Insolvency is generally the condition of not being able to meet one’s debts as they come due. In turn, bankruptcy is the legal status under which such a person’s insolvency may be managed through the courts.Bankruptcy rules balance the interests of creditors seeking their just due, against the policy goal that no person should be condemned to an inescapable spiral of debt. By going through this process, the bankrupt looks forward to an eventual discharge in order to make a clean start.
It is for these reasons that full and frank disclosure must be made of a bankrupt’s finances. This disclosure also helps identify property such as RRSP and RRIF savings that are protected from bankruptcy, dependent in part upon timing issues.

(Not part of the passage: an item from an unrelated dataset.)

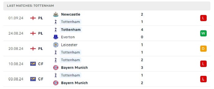 - Phong độ Tottenham
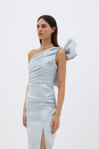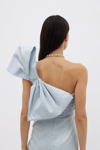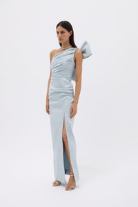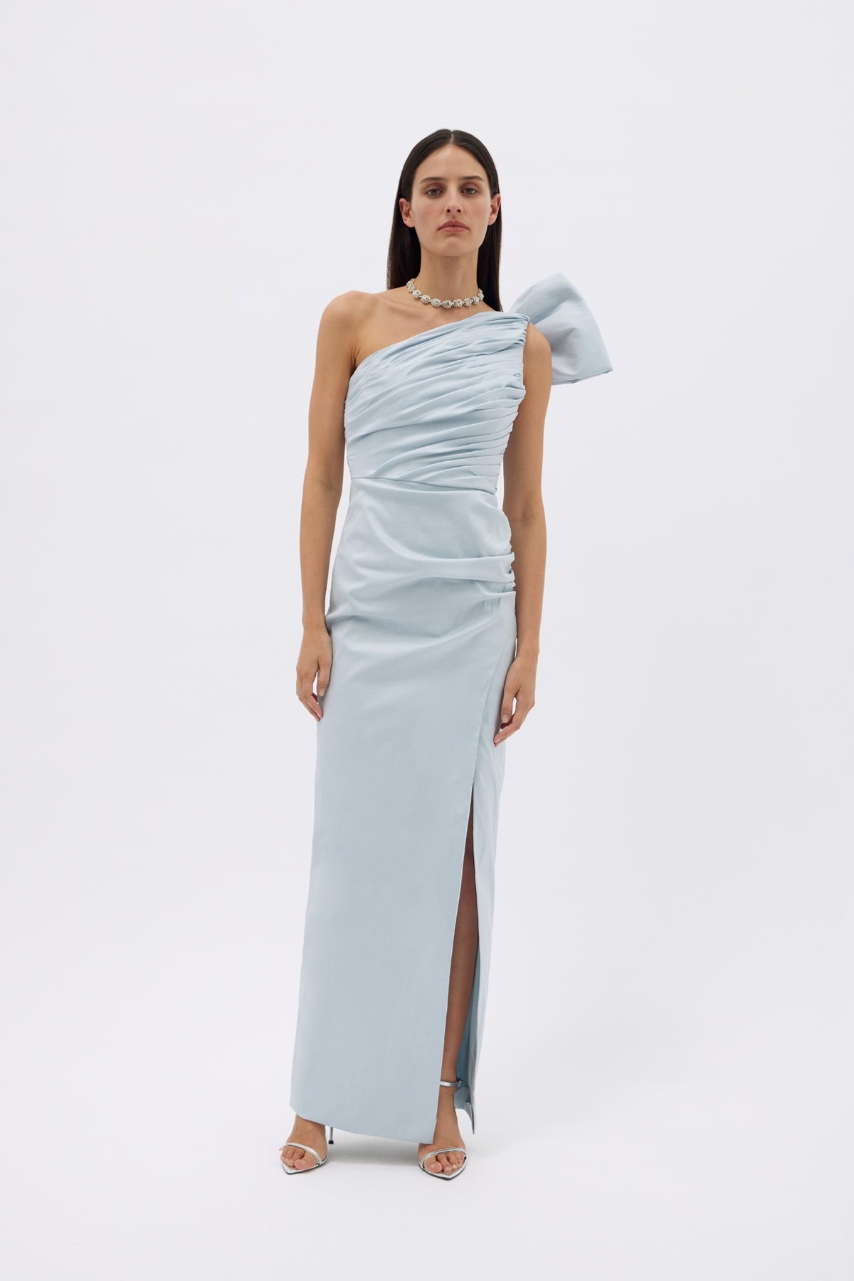 Reinventing a classic one-shoulder silhouette the Olive Gown features a sculptural bow stitched to the back shoulder. Designed with the female form in mind, the Olive Gown features internal corsetry to define the waistline as well as an intentionally draped waistline. This silhouette is fully lined and is fastened by an invisible zip closure with a side split to balance shape. - Fitted bodice with internal boning - Fits true to size -This fabric has stretch - A slim fit silhouette - Adjustable elastic waist tape to cinch in the waist - One shoulder style can be altered for a closer fit - Bow can be removed by unpicking the stitch - This style can be hemmed Size and Fit Runs true to size, we recommend taking your usual size. Model is 5'9 and wears a Rachel Gilbert Size 1 [AU/UK 8 | US 4] Fabrication Stretch Taffeta 50% Polyester 45% Nylon 5% Elastane Care Dry Clean Only See sewn-in label for further care instructions

Bankruptcy and Insolvency Act, R.S.C. 1985, c. B-3 (“BIA”), s. 67(1)(b.3)
It benefits our whole society to have individuals take responsibility to provide for their own retirement income. The BIA formally reinforces this public policy interest in s.67(1) where certain assets are exempt from division among creditors, including:
(b.3) … property in a registered retirement savings plan or a registered retirement income fund, as those expressions are defined in the Income Tax Act, or in any prescribed plan, other than property contributed to any such plan or fund in the 12 months before the date of bankruptcy. [Emphasis added.]
The 12 month look-back protects against a person manipulating this privilege by making a large deposit immediately prior to a planned assignment into bankruptcy.
If the dealings with the RRSP/RRIF were only one way during that preceding 12 months – ie., deposits only – the application of this constraint is straightforward. However, how does it apply if both deposits and withdrawals occur over that period?
Re Miadovnik (2), 2013 ONSC 1758
Sheldon Miadovnik had been making regular withdrawals from his RRSP in 2008 and 2009 to fund living expenses while going through separation proceedings from his wife. In February 2009 when his RRSP balance was about $100,000, he contributed a further $15,000, allowing him to reduce his taxable income for 2008. The withdrawals resumed in March and April, totaling to approximately $15,000, and a voluntary assignment into bankruptcy was made on May 1.
The bankruptcy ended up before a Master who was tasked to interpret s.67(1)(b.3). (It is the Master’s emphasis in the judgment that is repeated above.) The trustee claimed that the $15,000 deposit should be available to it, and it also claimed the balance of a bank account which the Master found comprised the net proceeds of the subsequent withdrawals.
Having no case authorities as guidance, the Master faced a conundrum as to whether the RRSP withdrawals were to be considered FIFO (first-in-first-out), LIFO (last-in-first-out), or some kind of proportionate calculation.
Conscious of the potential for double-counting assets, the Master determined that “LIFO should apply and the funds removed thus be regarded as withdrawals of the most recent contributions.” This conclusion rested on the history of Mr. Miadovnik’s withdrawals and the legitimate intention to reduce 2008 taxable income by making the February 2009 RRSP deposit.
- Generally, RRSP deposits made in the 12 months preceding an assignment into bankruptcy will be available to a bankruptcy trustee to satisfy creditor claims.
- Where there are RRSP withdrawals as well as deposits, an analysis of the circumstances will be necessary to determine what may be claimed by the trustee.
- The LIFO determination in Miadovnik rested on the particular facts, and should not be assumed to be apply in all circumstances.